| What is required |
Without including any images, set down the records below exactly.

Stored data:
============
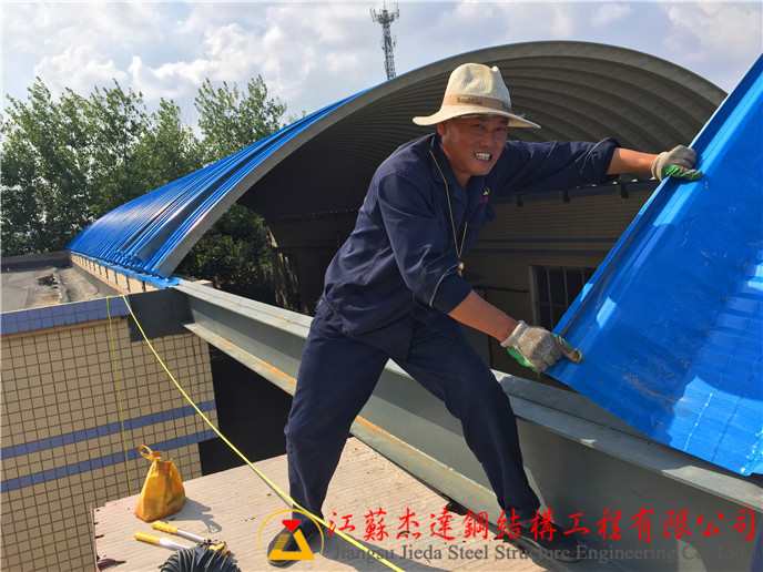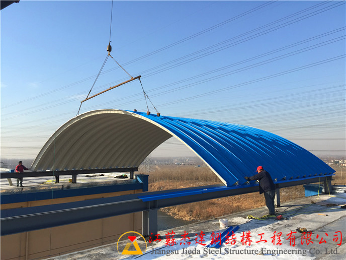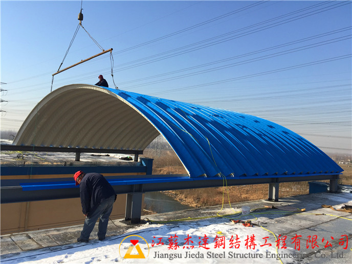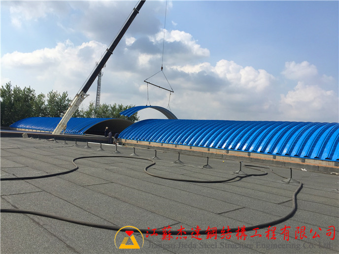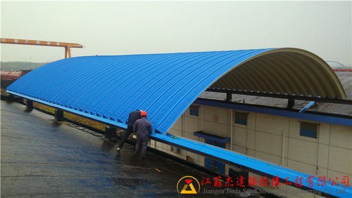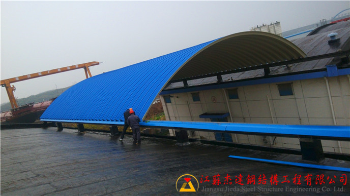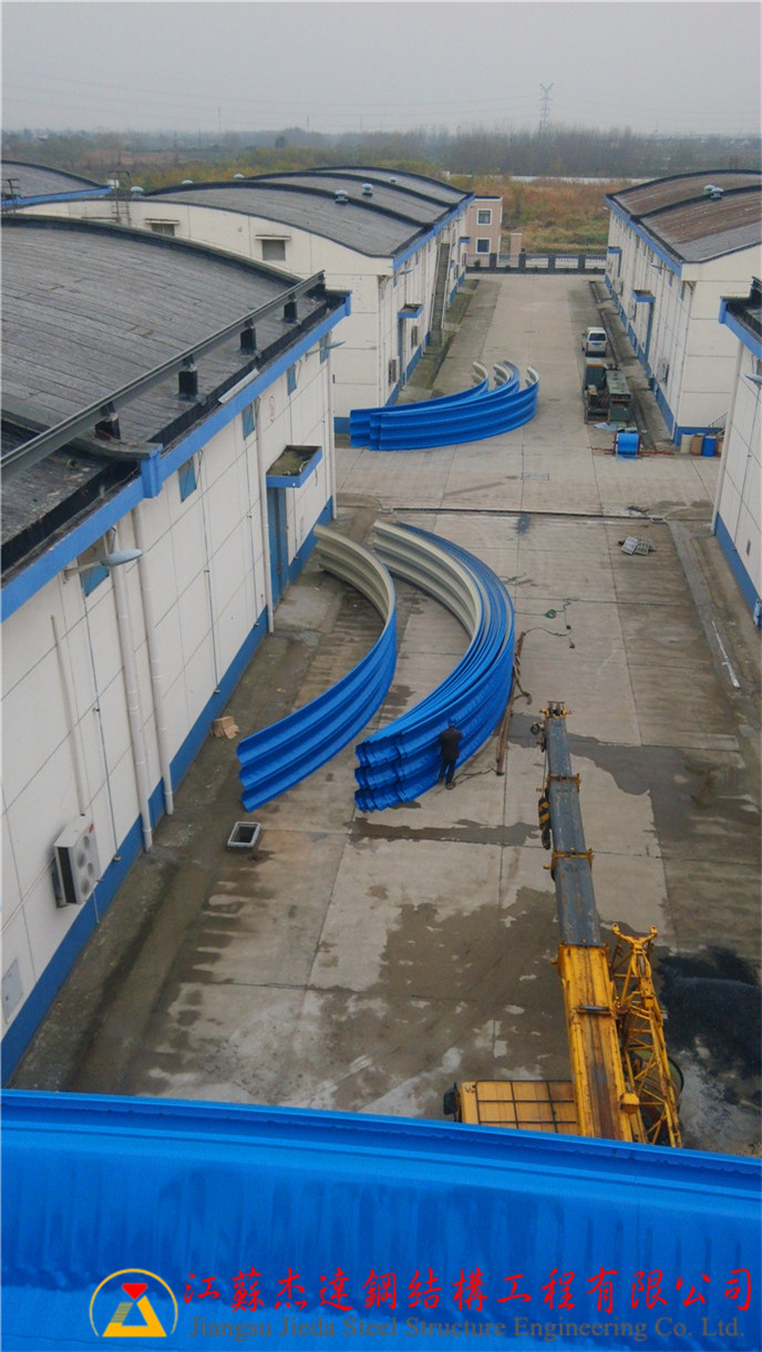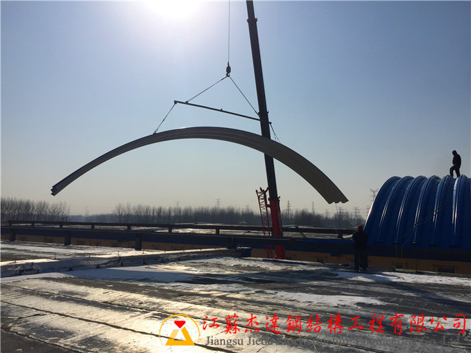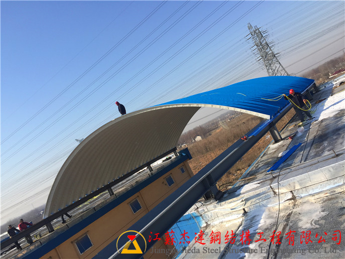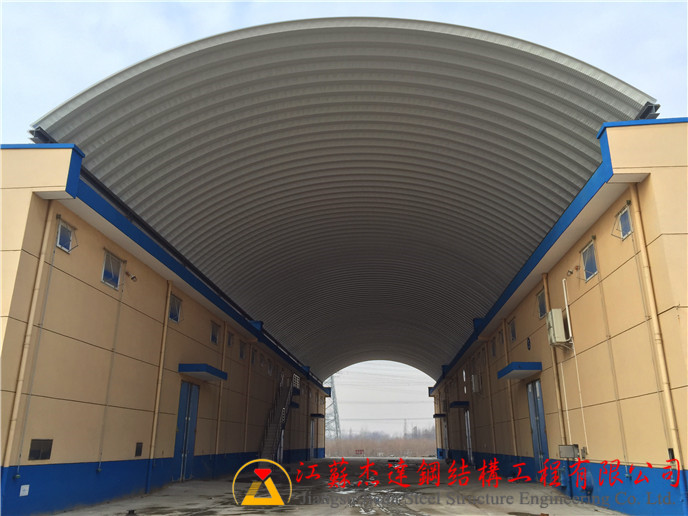 江蘇杰達鋼結構工程有限公司承建的過道式拱形屋頂,主要用于堆放物料和設備。該結構設計能夠在陰雨天氣下為糧食儲備庫提供良好的保護環(huán)境,確保設備和物資的安全存放與使用。
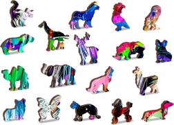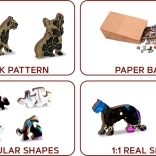 Vďaka špeciálne tvarovaným dielikom, ktoré predstavujú zvieratá, stavby alebo predmety, je skladanie puzzle zábavnejšie a kreatívnejšie.
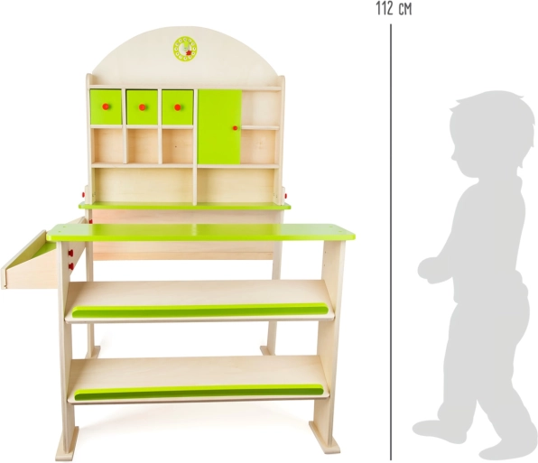Un stand de vânzare modern din lemn nu numai că dezvoltă abilitățile de comunicare și matematice ale copiilor, dar le și stimulează creativitatea. Este echipat cu spații de depozitare, care includ rafturi înclinate pentru depozitarea cutiilor și rafturi separate pentru articole și mărfuri. Peretele din spate conține suprafețe de depozitare și dulapuri cu uși funcționale. În partea de sus a standului sunt ceasuri pe care copiii le pot folosi pentru a învăța ora și pentru a marca orele de deschidere.
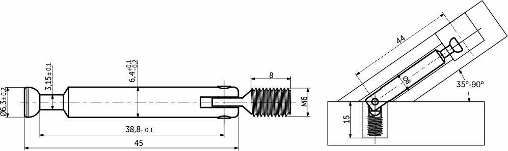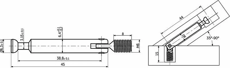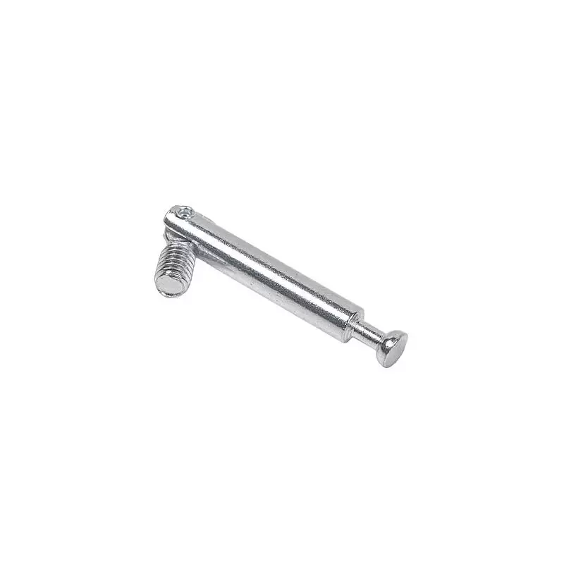 Шарнирные штоки эксцентрика применяются совместно с эксцентриками (бочонками). Данный тип штока дает возможность соединить детали под углом от 30 до 90 градусов. Этот тип крепежа обеспечивает прочное и надежное соединение деталей на разрыв и позволяет многократно выполнять сборку и разборку мебели.
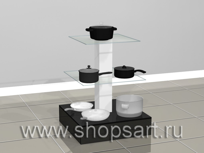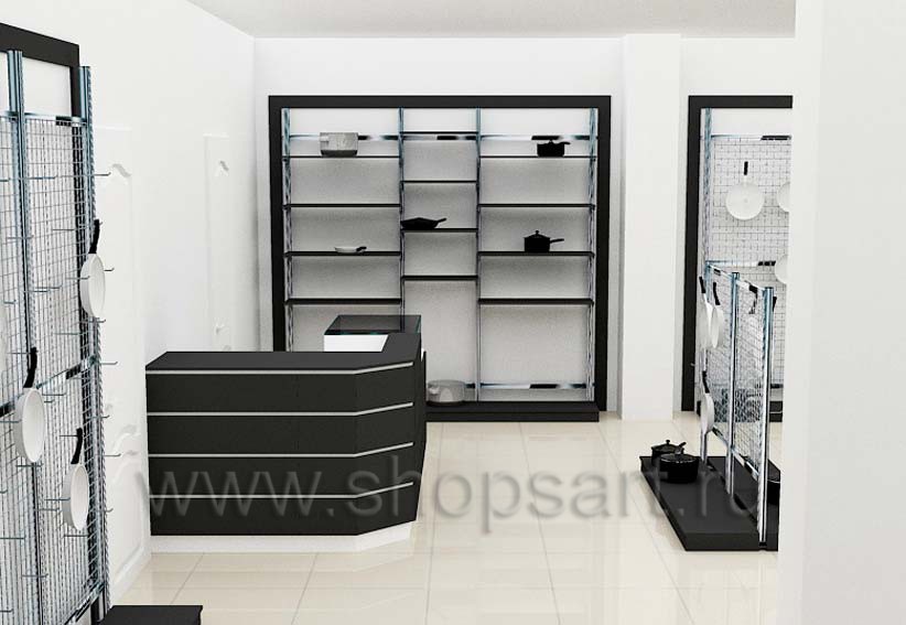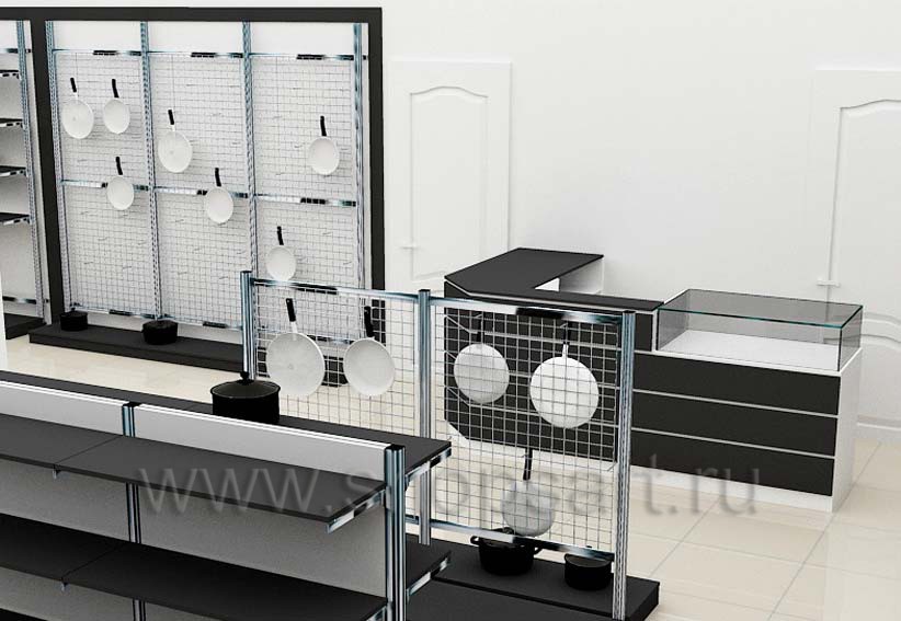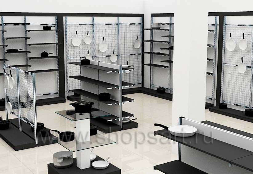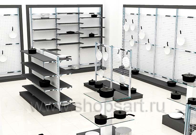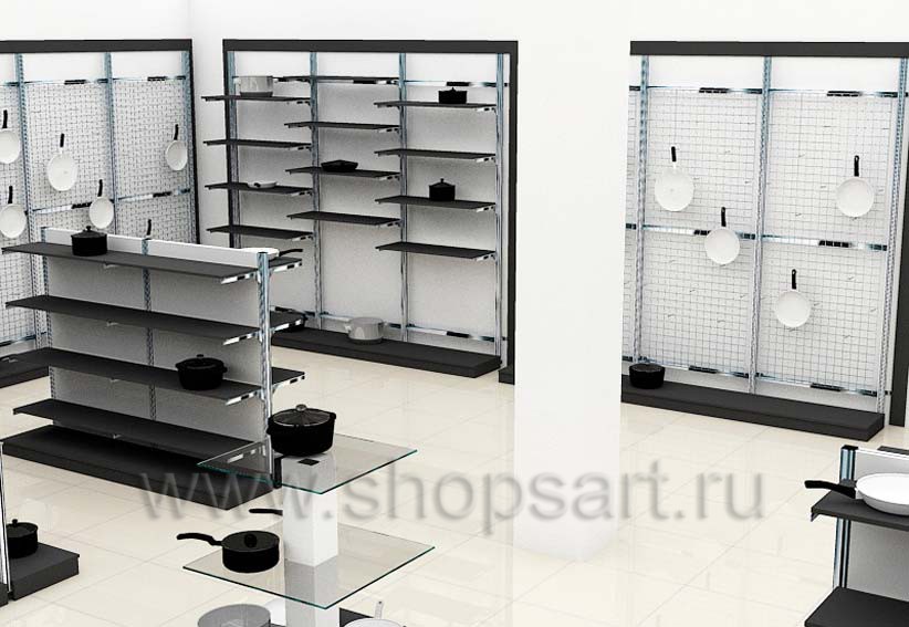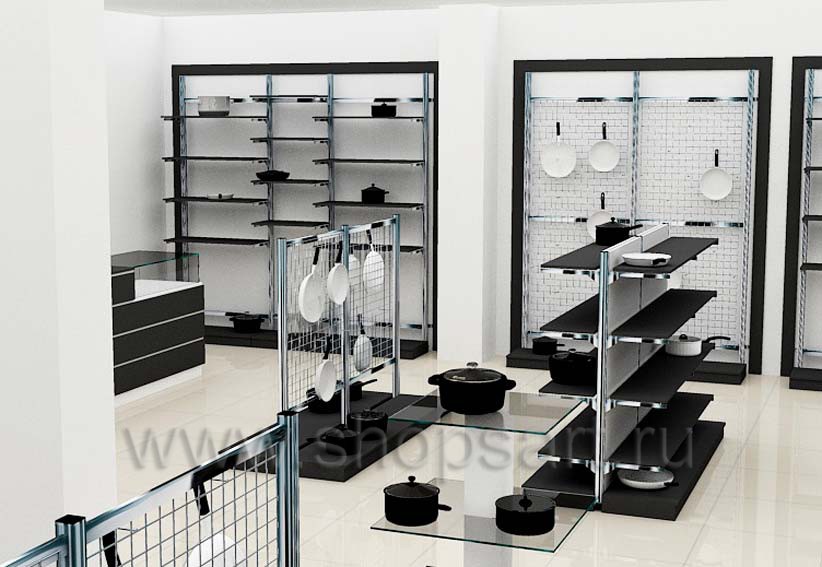 Торговые стеллажи используются для размещения и презентации наиболее ходовых изделий. Витрины применяют для демонстрации дорогой посуды. Прилавки удобны для размещения столовых приборов.
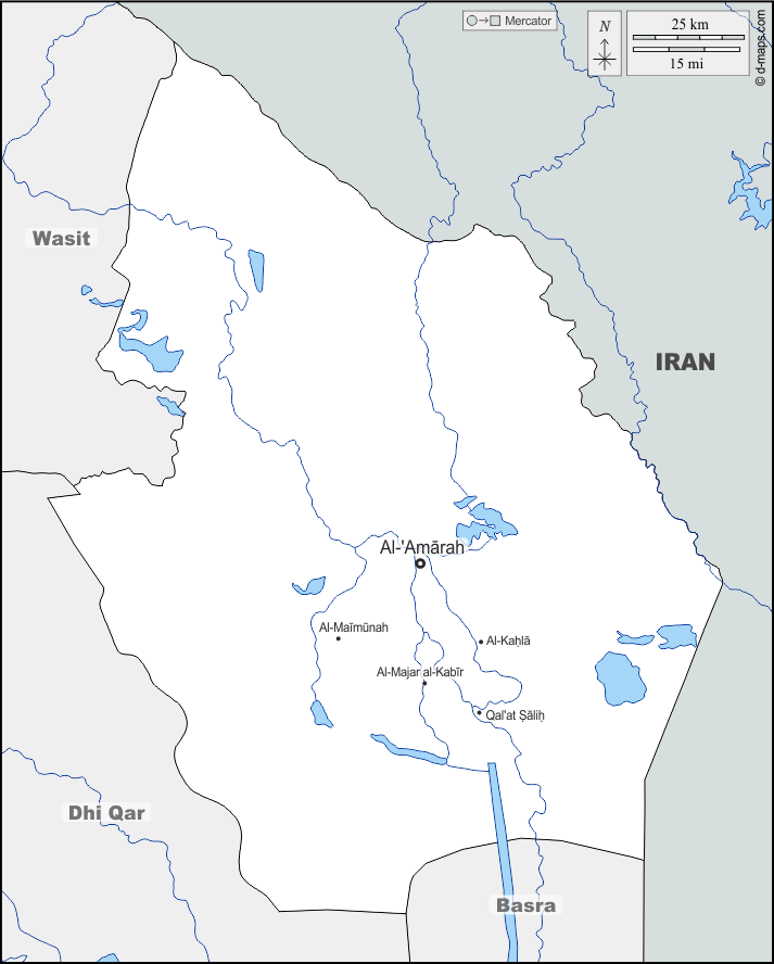 d-maps > एशिया > इराक > मेसैन > सीमाओं, जल-सर्वेक्षण, मुख्य शहरों, नाम
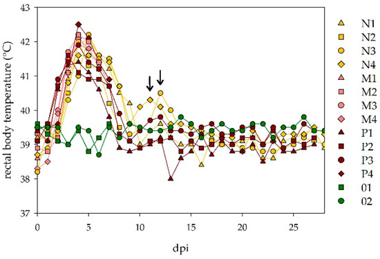 Rectal body temperatures of challenged sheep: all twelve infected sheep developed high fever following the NSDV inoculation, almost independent of the applied virus dosage. Two animals of the low dosage group (N3, N4) showed a second increase in their rectal body temperature (marked with arrows). The control animals did not develop an increase in their rectal body temperatures.
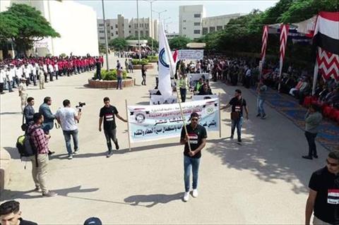 وبدأ الحفل بطابور عرض لكليات الجامعة ومستشفياتها ومراكزها الطبية، حيث عبرت كل منها عن هويتها مع مشاركة مميزة لفريق طلاب من أجل مصر الذى حمل لافتات تثمن نصر أكتوبر المجيد.
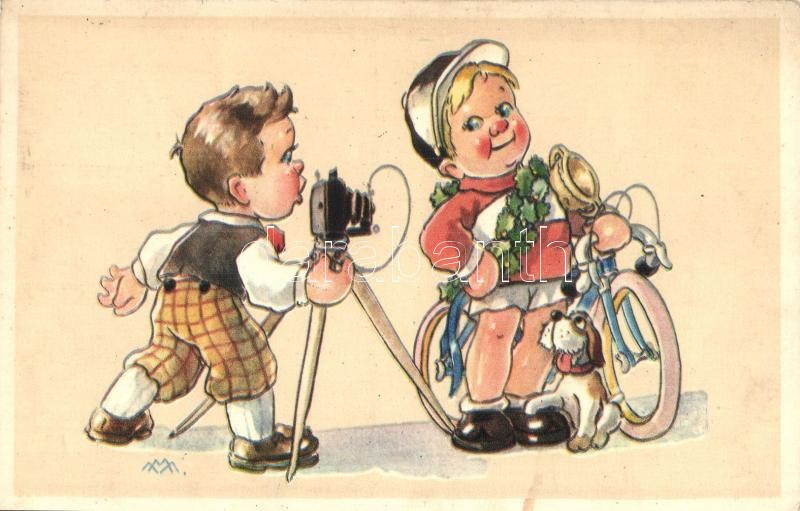 Boy cyclist with medal being photographed. Cecami N. 1066. Italian art postcard s: M.M.
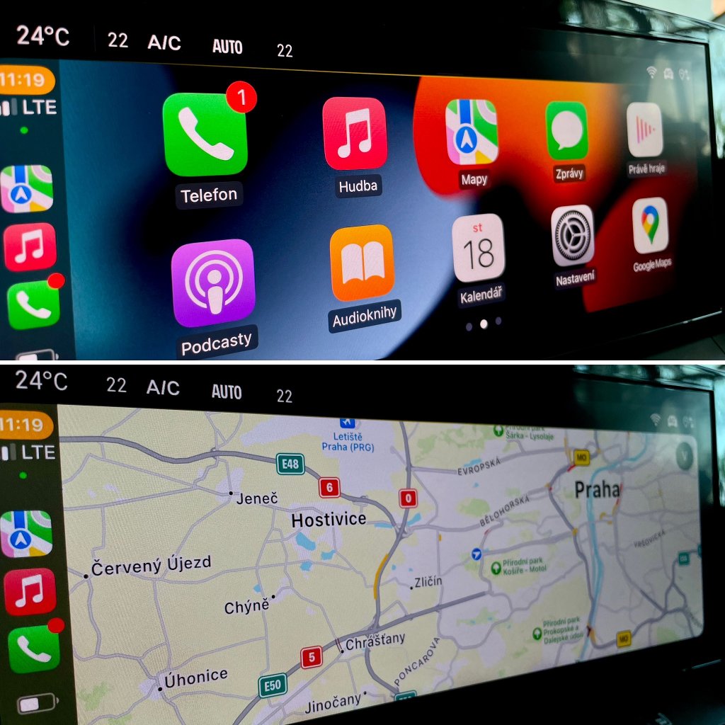 - Integrace smartphonu Apple CarPlay a Android Auto
============
| Expected answer |
 江蘇杰達鋼結構工程有限公司承建的過道式拱形屋頂,主要用于堆放物料和設備。該結構設計能夠在陰雨天氣下為糧食儲備庫提供良好的保護環(huán)境,確保設備和物資的安全存放與使用。
 Vďaka špeciálne tvarovaným dielikom, ktoré predstavujú zvieratá, stavby alebo predmety, je skladanie puzzle zábavnejšie a kreatívnejšie.
Un stand de vânzare modern din lemn nu numai că dezvoltă abilitățile de comunicare și matematice ale copiilor, dar le și stimulează creativitatea. Este echipat cu spații de depozitare, care includ rafturi înclinate pentru depozitarea cutiilor și rafturi separate pentru articole și mărfuri. Peretele din spate conține suprafețe de depozitare și dulapuri cu uși funcționale. În partea de sus a standului sunt ceasuri pe care copiii le pot folosi pentru a învăța ora și pentru a marca orele de deschidere.
 Шарнирные штоки эксцентрика применяются совместно с эксцентриками (бочонками). Данный тип штока дает возможность соединить детали под углом от 30 до 90 градусов. Этот тип крепежа обеспечивает прочное и надежное соединение деталей на разрыв и позволяет многократно выполнять сборку и разборку мебели.
 Торговые стеллажи используются для размещения и презентации наиболее ходовых изделий. Витрины применяют для демонстрации дорогой посуды. Прилавки удобны для размещения столовых приборов.
 d-maps > एशिया > इराक > मेसैन > सीमाओं, जल-सर्वेक्षण, मुख्य शहरों, नाम
 Rectal body temperatures of challenged sheep: all twelve infected sheep developed high fever following the NSDV inoculation, almost independent of the applied virus dosage. Two animals of the low dosage group (N3, N4) showed a second increase in their rectal body temperature (marked with arrows). The control animals did not develop an increase in their rectal body temperatures.
 وبدأ الحفل بطابور عرض لكليات الجامعة ومستشفياتها ومراكزها الطبية، حيث عبرت كل منها عن هويتها مع مشاركة مميزة لفريق طلاب من أجل مصر الذى حمل لافتات تثمن نصر أكتوبر المجيد.
 Boy cyclist with medal being photographed. Cecami N. 1066. Italian art postcard s: M.M.
 - Integrace smartphonu Apple CarPlay a Android Auto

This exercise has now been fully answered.